───── Collected data ─────

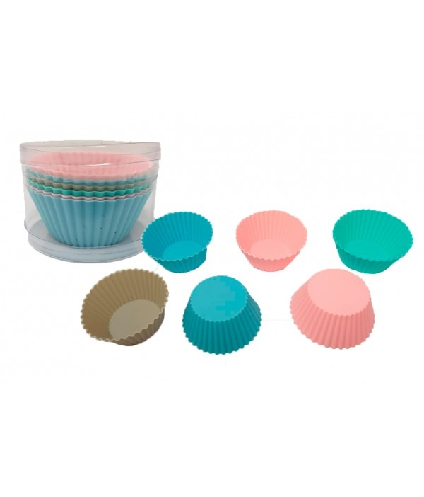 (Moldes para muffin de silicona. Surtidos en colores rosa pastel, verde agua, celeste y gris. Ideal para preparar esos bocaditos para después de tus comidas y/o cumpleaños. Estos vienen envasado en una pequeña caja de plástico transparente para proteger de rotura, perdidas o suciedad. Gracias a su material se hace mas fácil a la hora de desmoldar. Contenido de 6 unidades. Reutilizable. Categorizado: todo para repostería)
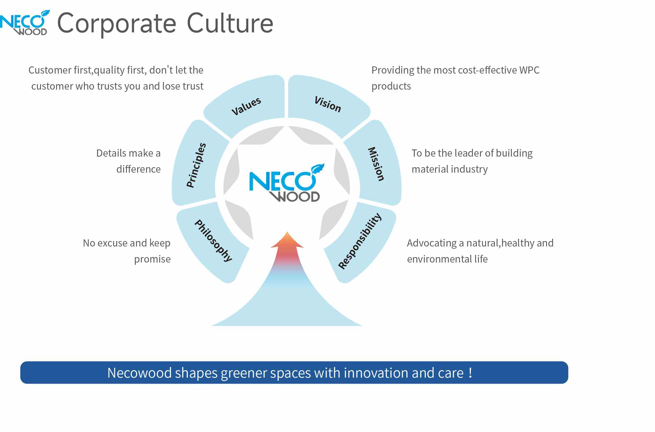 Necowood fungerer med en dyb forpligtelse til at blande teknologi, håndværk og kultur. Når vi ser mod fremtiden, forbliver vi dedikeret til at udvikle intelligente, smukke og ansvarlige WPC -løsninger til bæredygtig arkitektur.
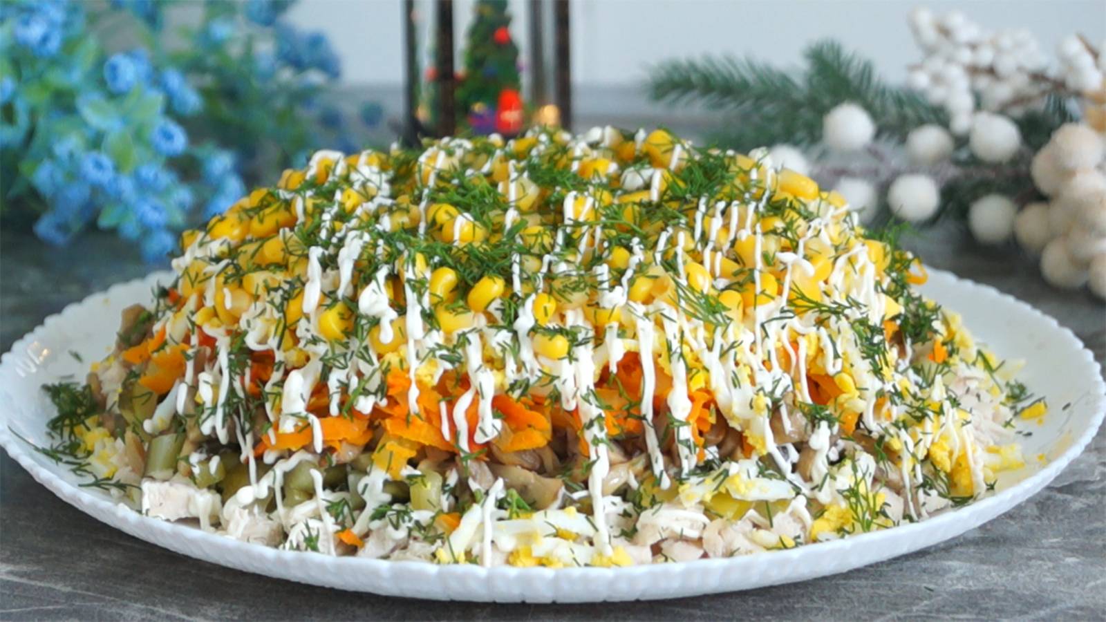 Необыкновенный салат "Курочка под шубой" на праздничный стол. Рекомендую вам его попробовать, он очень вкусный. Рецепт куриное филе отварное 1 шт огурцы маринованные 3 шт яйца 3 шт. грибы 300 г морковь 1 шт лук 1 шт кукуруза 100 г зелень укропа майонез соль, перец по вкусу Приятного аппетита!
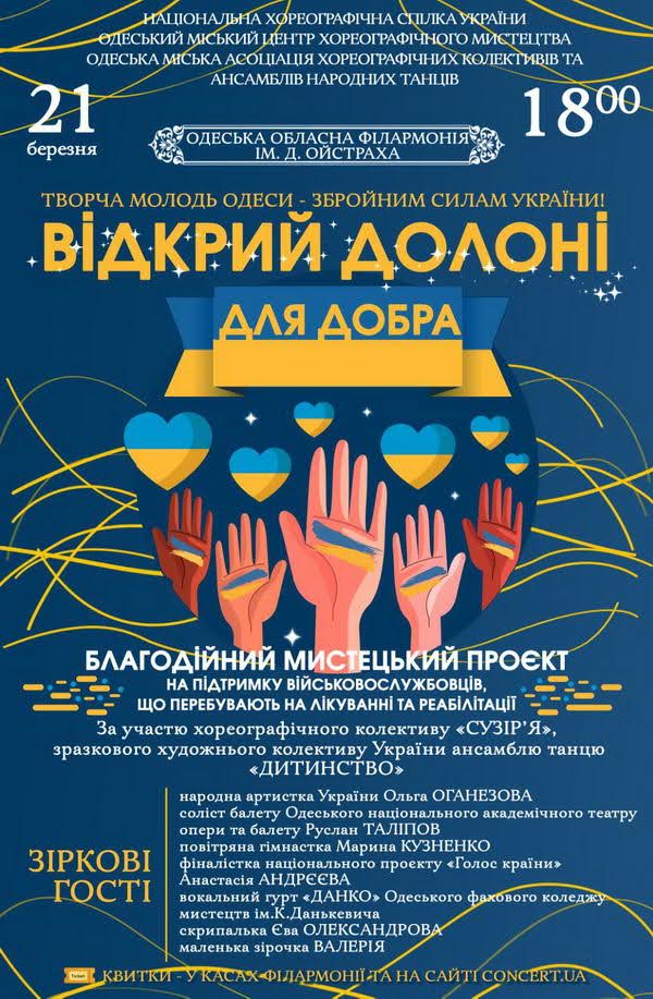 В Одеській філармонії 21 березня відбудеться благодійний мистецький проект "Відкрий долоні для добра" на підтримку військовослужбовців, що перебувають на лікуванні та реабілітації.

─────

### Instructions to follow
Transcribe exactly the lines from the one holding "Necowood fungerer med" through the final line of the material above, both ends included; any pictures should be dropped.

### Exercise response
 Necowood fungerer med en dyb forpligtelse til at blande teknologi, håndværk og kultur. Når vi ser mod fremtiden, forbliver vi dedikeret til at udvikle intelligente, smukke og ansvarlige WPC -løsninger til bæredygtig arkitektur.
 Необыкновенный салат "Курочка под шубой" на праздничный стол. Рекомендую вам его попробовать, он очень вкусный. Рецепт куриное филе отварное 1 шт огурцы маринованные 3 шт яйца 3 шт. грибы 300 г морковь 1 шт лук 1 шт кукуруза 100 г зелень укропа майонез соль, перец по вкусу Приятного аппетита!
 В Одеській філармонії 21 березня відбудеться благодійний мистецький проект "Відкрий долоні для добра" на підтримку військовослужбовців, що перебувають на лікуванні та реабілітації.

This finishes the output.